Остолбенев, Мариус стоял и просто смотрел. На свою любимую Птичку, такую нежную, такую прекрасную и такую родную. И ее рука почему-то – он все не мог понять почему – лежала в руке другого мужчины. Короля.
В груди сделалось невыносимо жарко и больно. Магия, просачиваясь из резерва, текла по рукам, вниз, к пальцам, чтобы сорваться смертоносным заклинанием и испепелить здесь всех и вся. А он смотрел – и не мог оторваться, не мог взгляда отвести. Пульс жахал в висках с устрашающей скоростью.
И тут Алька, которая до этого момента все опускала глаза, подняла наконец голову и посмотрела… прямо на него.
О-о, в ее глазах плескался океан боли, и Мариус с разбегу нырнул в него с головой. Руки пылали, магические потоки вились вокруг запястий, стекая по костяшкам кулаков. Алька, стоя подле короля, все смотрела и смотрела на него, ее губы дрогнули…
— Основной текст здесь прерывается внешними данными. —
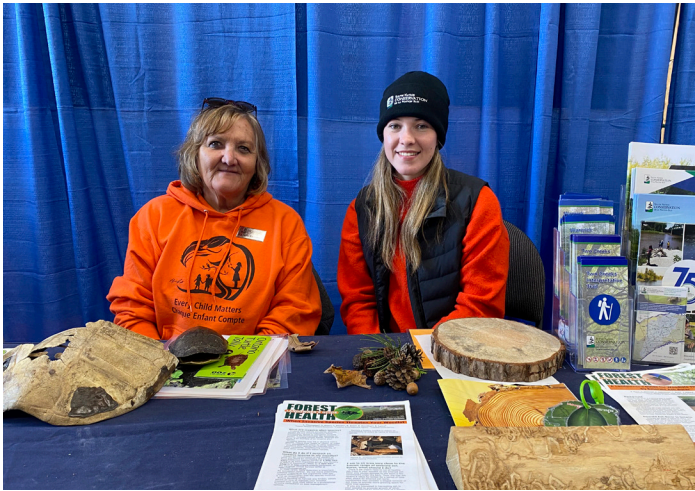
Metcalfe Fair, City of Ottawa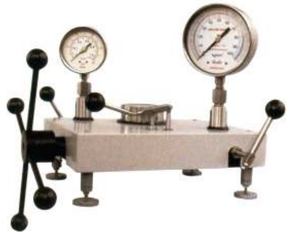
Table Top Calibrator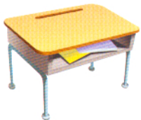
5. a desk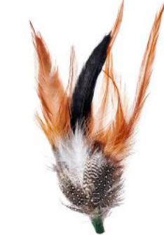
**BURNT ORANGE/BLACK/MAHOGANY 05515-BTOBM

Он ведь убьет их всех, прямо сейчас. Если хоть кто-то обидел его птичку… И если даже это Флодрет, то он сдохнет первым. Мариус замер – и не мог шевельнуться, не мог выдраться из ловушки ее взгляда, при этом чувствуя, как его буквально рвет на части.
Почему… у них все так? Кто виноват? Только он? Или просто так получилось?
Почему он сразу не женился на Альке, почему оказался таким дураком и послушался короля? А теперь вот… Флодрет прибрал ее к рукам и хочет сам жениться, но ведь видно, что Алька не хочет этого, видно, как ей плохо, как рвется на свободу ее отчаянное доброе сердечко…
Он вздрогнул, когда чья-то рука осторожно, но крепко перехватила предплечье. Бездумно посмотрел на Энолу – она показалась мертвенно-бледной, и личина плыла, менялась, сквозь нее прорывалось истинное лицо женщины.
– Мариус… – губы растянуты в искусственной улыбке, – не надо. Не сейчас. Услышьте меня, пожалуйста… Кому будет легче, если вы устроите тут бойню и сам умрете? Думаете, ей будет легче?
Каким-то чудом Энола догадалась, что его магия готова выплеснуться наружу.
– Пожалуйста, – горячо шептала она, – ну же… идемте, идемте отсюда. Хорошенького понемногу.
Он снова посмотрел на Альку, их взгляды перехлестнулись, стянулись огненной петлей под ребрами. И внезапно Алька пошатнулась, но тут же была подхвачена Флодретом. Все разом зашумели. Мариус неосознанно дернулся вперед, Энола всем весом повисла на его руке. Он уже повел плечами, чтобы ее стряхнуть, но…
– Умоляю… Стойте, пожалуйста. Мариус!..
Столько было отчаянной мольбы в ее голосе, что слова чудесным образом все-таки просочились в сознание – сквозь боль, сквозь бушующее пламя неприятия всего происходящего. Он снова посмотрел на Энолу и понял, что по ее бледным щекам пролегли мокрые дорожки. Слезы были настоящими.
Взглянул на короля.
Флодрет подхватил Альку на руки и торопливо шагнул прочь, в темный зев коридора.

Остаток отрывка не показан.